I love this presentation's forum et the news avatars ! Who's make it ?
So talentueux !

Thanks to read me and you can laugth in same time (my english is really ugly).

Je vous souhaite une bonne journée/ have  a good day !!!!

ViVaMac


----------



## Janice (Sep 24, 2005)

Greetings VivaMAc! Your english is pretty darn good, I know we have  several french speaking members, hopefully you will get to meet them soon. 
	

	
	
		
		

		
		
	


	




Leppy made the new avatar images. 
	

	
	
		
		

		
		
	


	




 Yes, she is very talented we are happy to have her here with us. 
	

	
	
		
		

		
		
	


	




See you around the forum.


----------



## Juneplum (Sep 24, 2005)

bienvenue vivamac! that's about as far as my french goes!!! nice to have u here!!


----------



## mac_obsession (Sep 24, 2005)

Welcome to Specktra Vivamac!! Your english is good!!! You will get better here as well, since we have many different languages spoken and understood here


----------



## Hikaru-chan (Sep 24, 2005)

Welcome to Specktra.


----------



## pumpkincat210 (Sep 24, 2005)

Welcome to this super helpful site!


----------



## scissor_sister (Sep 24, 2005)

Bonjour et bienvenue!
tu sembles bien te débrouiller en anglais, j' ai de la difficulté moi même, t' inquiètes pas.


----------



## singinmys0ng (Sep 24, 2005)

welcome to specktra!!


----------



## ViVaMac (Sep 25, 2005)

*Thanks/ Merci !*

Thanks guys ! 
You're really adorables  
	

	
	
		
		

		
		
	


	




  (translate by  "cute" i think).
I feel good in here and i really enjoy to read you.
Scissor Sisters : merci aussi  
	

	
	
		
		

		
		
	


	




 and the other too of course !

Makeup you soon.

Bises/kisses 

ViVaMAc


----------



## PrettyKitty (Sep 28, 2005)

Salut VivaMac! Je parle francais à tout les jours, seulement anglais quand je suis sur Specktra. 

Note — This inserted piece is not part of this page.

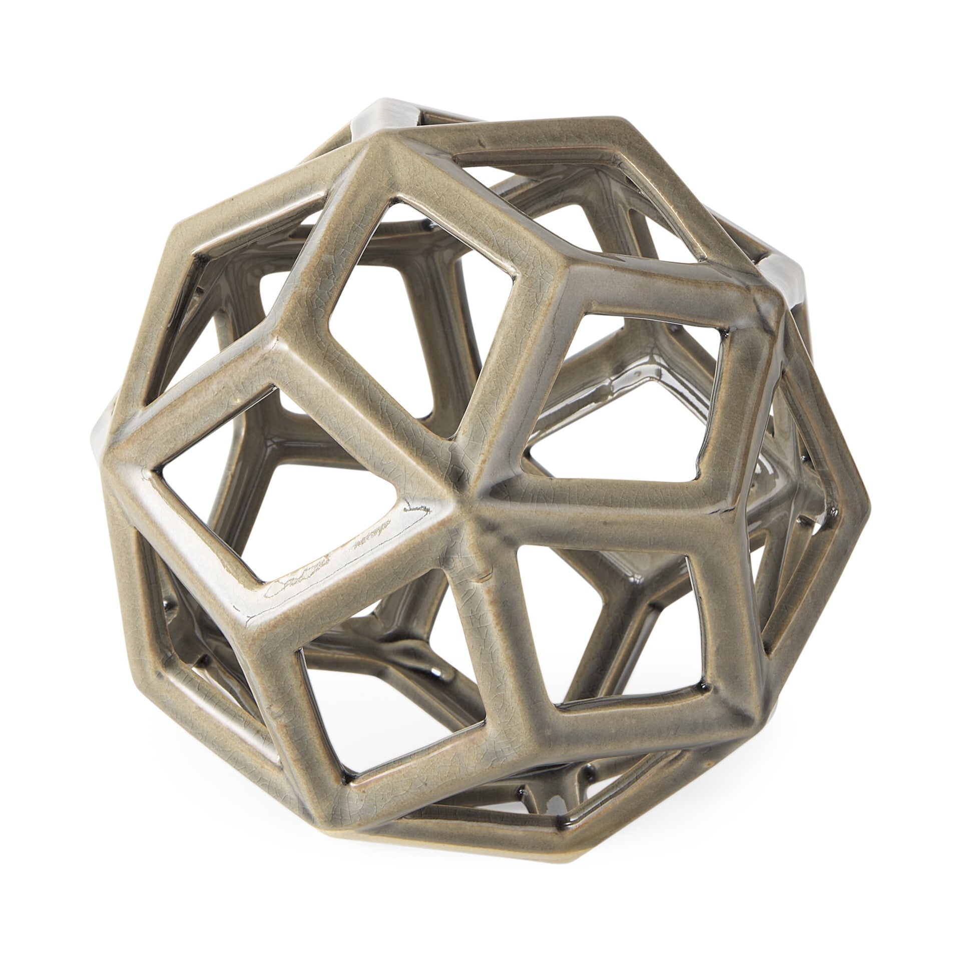 The Khaki Crackle Glaze Ceramic Geometric Sculpture will be the pefect addition to the decor in your home. This stunning geometric orb is full of clean lines and soft curves along with a gorgeous tan/khaki reactive glaze that crackles when fired and gives an incredibly unique and fun look. The design is see-through which gives it an airy appearance that is not only great but makes this decor piece light enought to be moved around. The neutral coloway and the minimal design allow you to use this decor piece with interior style or colors you already have in your home. 7" H x 7" W x 7" D

Si tu as besoin d'aide, fais-moi signe! Je pourrai traduire certaines phrases pour toi!

Bienvenue sur Specktra!


----------



## user2 (Oct 1, 2005)

Hi ViVaMac and welcome to Specktra!






I'm sure you'll have as much fun here as we have every day!


----------



## user3 (Oct 6, 2005)

Bonjour! Welcome to specktra! Happy to have you here!


----------



## ViVaMac (Apr 24, 2006)

Merci beaucoup ^^
bisous


Thanks you ^^
kisses


----------



## poppy z (Apr 24, 2006)

Salut! Je suis française aussi et mac addict avant tout!
Bienvenue sur Specktra. C'est un site super et les gens y sont très sympas. Alors amuse toi bien et à bientôt sur le forum.


----------



## mspixieears (Apr 24, 2006)

Salut et bienvenue sur Specktra (je suis retard, je sais!)!


----------



## Wattage (Apr 24, 2006)

Bonjour!! We are glad to have you here!


----------



## tinagrzela (Apr 24, 2006)

Bonjour ma belle!

Tu vas totalement aimer ce forum. Les filles ici sont super gentilles! Je parle français tous les jours, et même que j'enseigne en français, donc ne t'en fais pas. Puis, j'ai remarqué que quelques autres filles parlent français aussi.

Bienvenue, et j'espère que tu vas aimer faire partie de notre groupe de belles femmes!


----------



## midnightlouise (Apr 25, 2006)

I know very little French, but I am happy to welcome you in English ha-ha!  I hope you have a great time here!


----------



## Dawn (Apr 25, 2006)

Well, I didn't get to welcome you when you joined, so I will now!!







Welcome to Specktra!


----------